= Society of Ozark Painters =

The Society of Ozark Painters was an American artists' organization founded in 1914, dedicated to painting the landscapes of the Ozark Mountains. The Society brought together painters from Chicago, Illinois and St. Louis, Missouri who were drawn to the region's distinctive atmospheric features, rolling forested hills, and rural character. It was one of several, regional art colonies established in the United States during the early 20th century, as American painters sought subjects beyond established artist communities such as Brown County, Indiana and the Hudson River Valley.

== Founding ==
The Society was co-founded in 1914 by five painters: Carl R. Krafft and Rudolph F. Ingerle of Chicago, and Frank Nuderscher, Oscar E. Berninghaus, and Carl Gustave Waldeck of St. Louis.

Krafft and Ingerle had first visited the Ozarks in 1913, searching for new subjects after establishing careers in Chicago's commercial and fine arts industries, and painting together in Brown County, Indiana. Nuderscher had discovered the Ozarks sometime after 1910, finding that his tonalistic approach to depicting atmospheric haze translated naturally to the region's misty hills and valleys. Oscar E. Berninghaus, already an established St. Louis painter and later a founding member of the Taos Society of Artists, brought additional prominence to the Society's group of founders.

== Activities and exhibitions ==
Members of the Society used Arcadia, Missouri as their primary painting base, with Krafft maintaining studios in both Hollister and Arcadia, traveling between them and his Chicago home throughout the 1910s and 1920s. Frank Nuderscher also purchased a house in Arcadia, where he and his family spent much of the 1920s, and later founded the Ozark School of Art there. The region around Arcadia and along the Gasconade River was a recurring subject in the Society members' paintings.

Springfield, Missouri served as the Society's primary exhibition city. In 1914, the year of the Society's founding, Krafft exhibited at both the Taneycomo Club and the Springfield Club in Missouri — the latter representing the Society's first documented Missouri exhibition. Krafft also founded the Municipal Art League in Springfield, further cementing the city's role as the Society's civic hub.

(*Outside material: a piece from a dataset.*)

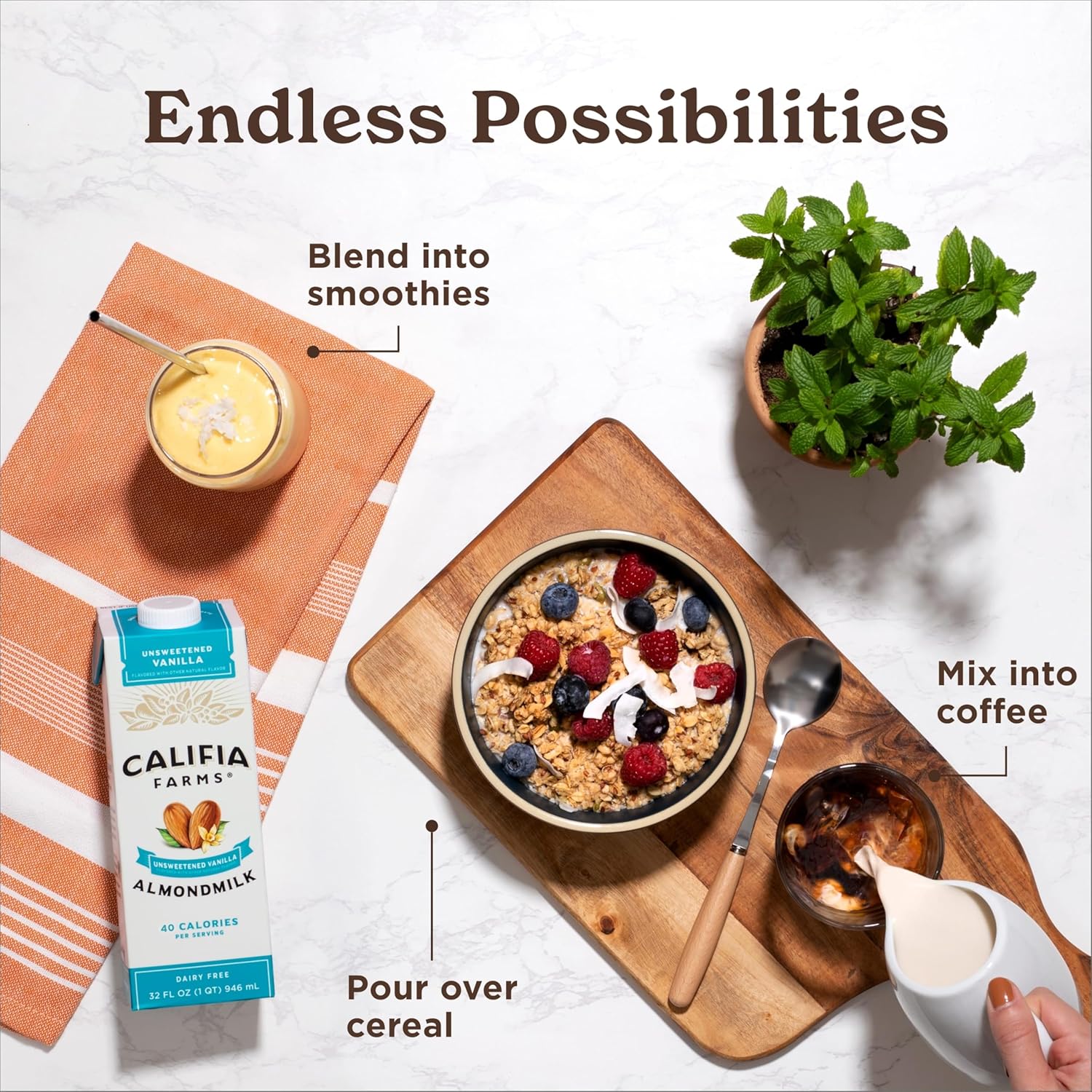 Califia Farms - Unsweetened Vanilla Almond Milk, 32 Oz (Pack Of 6), Dairy Free, Vegan, Plant Based, Keto, Shelf Stable, Vegan, Gluten Free, Non Gmo, Sugar Free, High Calcium, Smoothie

A pilot group exhibition titled Ozark Mountain Sketches by Members of the Palette and Chisel Club was held at the Brush and Pencil Club in St. Louis in 1913, predating the Society's formal founding and reflected the existing connections among the painters. Following the Society's founding, Krafft and Ingerle exhibited Ozark work at the Palette and Chisel Academy of Fine Art in Chicago in 1914, with a show of sixty paintings, of which twenty-five were sold. The Society held further exhibitions at the McCaughen-Burr Galleries in St. Louis in 1915.

Krafft served as the Society's first president in 1915. That year, his work was also featured in the Panama-Pacific International Exposition in San Francisco. Krafft also won the Englewood Prize in 1915 at the Art Institute of Chicago for Ozark Zephyrs and the Municipal Art League Purchase Prize in 1916 for Charms of the Ozarks, both Ozark paintings produced during his active association with the Society. His Ozark landscapes were described by the Fine Arts Journal as earning him the title "painter poet of the Ozarks."

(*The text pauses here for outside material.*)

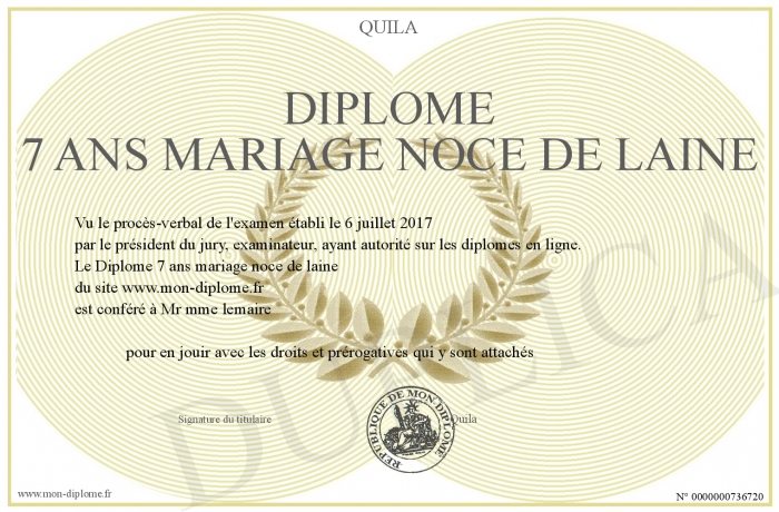 Envoyez par email votre Diplome 7 ans mariage noce de laine personalisé

== Members and associated artists ==
The Society's core founding membership reflected a cross-city network of painters united by the Palette and Chisel Academy of Fine Art and shared painting excursions.

=== Founding members ===
- Carl R. Krafft (Chicago) — landscape painter; founder of the Oak Park Art League; work held in the Art Institute of Chicago and Union League Club of Chicago
- Rudolph F. Ingerle (Chicago) — landscape painter; later known as the "Painter of the Smokies"; president of the Chicago Society of Artists
- Frank Nuderscher (St. Louis) — described by art historian William H. Gerdts as "the most significant Impressionist painter to spend his whole career in Missouri"; work held in the Saint Louis Art Museum, Missouri History Museum, and Missouri Governor's Mansion
- Oscar E. Berninghaus (St. Louis) — later a founding member of the Taos Society of Artists; work held in major museum collections nationally
- Carl Gustave Waldeck (St. Louis) — portrait painter; subject of Robert Henri's first large-scale portrait (1896); work held in the Saint Louis Art Museum

=== Associated artists ===
- August Petrtyl (Chicago) — participated in Ozark painting excursions with Krafft and Ingerle as a studio colleague at the Harvester Building in Chicago; painter, muralist, and illustrator

== Significance ==
The Society of Ozark Painters was part of a broader movement of American regional art colonies in the early 20th century, including the Taos Society of Artists in New Mexico and the Indiana School of Painting in Brown County, Indiana. Like those organizations, it brought artists together around a specific landscape, fostering a shared visual vocabulary while allowing individual artistic styles to develop independently.

The Ozark work produced by the Society's members entered significant public collections. Nuderscher's Ozark landscapes are held by the Saint Louis Art Museum, the Missouri History Museum, the Missouri Governor's Mansion, the Museum of Art and Archaeology at the University of Missouri, and the Arkansas Arts Center, among others. Krafft's Ozark paintings are represented in the Art Institute of Chicago and the Union League Club of Chicago collections.

Nuderscher later founded the Ozark School of Art in Arcadia, Missouri, extending the Society's educational legacy into a formal institutional setting.